After preparing both MHETase vairans and the MHET molecule, we used AutoDock Vina to perform molecular docking between these MHET mutants and MHET molecule. We found that 9 mutants exhibit higher affinity than WT MHET and the results are shown in Fig.6. Fig.7 displayed some interaction changes between MHETase and MHET molecule. We also carried out MD using GROMACS software package with a temperature of 300 K and a pressure of 1 bar controlled by the Berendsen algorithm [9,10] to provide more explanations why these variants exhibited higher affinity than other mutants. As seen from Fig.6, the positive mutants S350T and N134A have smaller RMSF value in the 150-250AA active pocket region. In contrast, the negative mutants both R318A and R116N have higher RMSF values in the active pocket region, which may indicate that the structural stability of active pocket should be responsible for high affinity between MHETase and MHET molecule.

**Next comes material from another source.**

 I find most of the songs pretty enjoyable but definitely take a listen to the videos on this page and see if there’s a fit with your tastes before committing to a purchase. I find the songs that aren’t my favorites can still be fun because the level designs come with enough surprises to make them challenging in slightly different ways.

4. PCR-directed mutagenesis and enzymatical activity detection
After theoretically screening 9 MHETase variants, we next carried out PCR-directed mutagenesis, and the PCR results were shown in Fig.9. After DNA sequencing, we conducted the expression and purification of these 9 variants. Enzymatic activity was measured using HPLC and the results were shown in Tab.3. It was found that 6 variants showed higher enzymatic activity when compared with WT MHETase (seen from Fig.10). Among them, K442A variant is the most beneficial candidate, whose activity was remarkably increased to ~ 3.2-fold.

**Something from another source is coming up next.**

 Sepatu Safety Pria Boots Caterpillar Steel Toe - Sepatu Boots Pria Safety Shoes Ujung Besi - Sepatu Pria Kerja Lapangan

Name | Amino acid substitution position | IU/mL | Fold |
---|---|---|---|
WT | - | 17.4333 | 1 |
K442A | Lys442Ala | 55.5567 | 3.19 |
A380Q | Ala380Gln | 45.8500 | 2.63 |
W397A | Trp397Ala | 39.0967 | 2.24 |
N134A | Asn134Ala | 25.8867 | 1.48 |
S286A | Ser286Ala | 20.4333 | 1.17 |
S350T | Ser350Thr | 19.9087 | 1.14 |
W397E | Trp397Glu | 15.7100 | 0.90 |
R318A | Arg318Ala | 14.6933 | 0.84 |
R116N | Arg116Asn | 11.3887 | 0.65 |
We have summiazed the computational design and experimental results of this PET-degrading enzyme MHETase to apply for the China patent, as seen from Fig.11. This application has been accepted for the time being.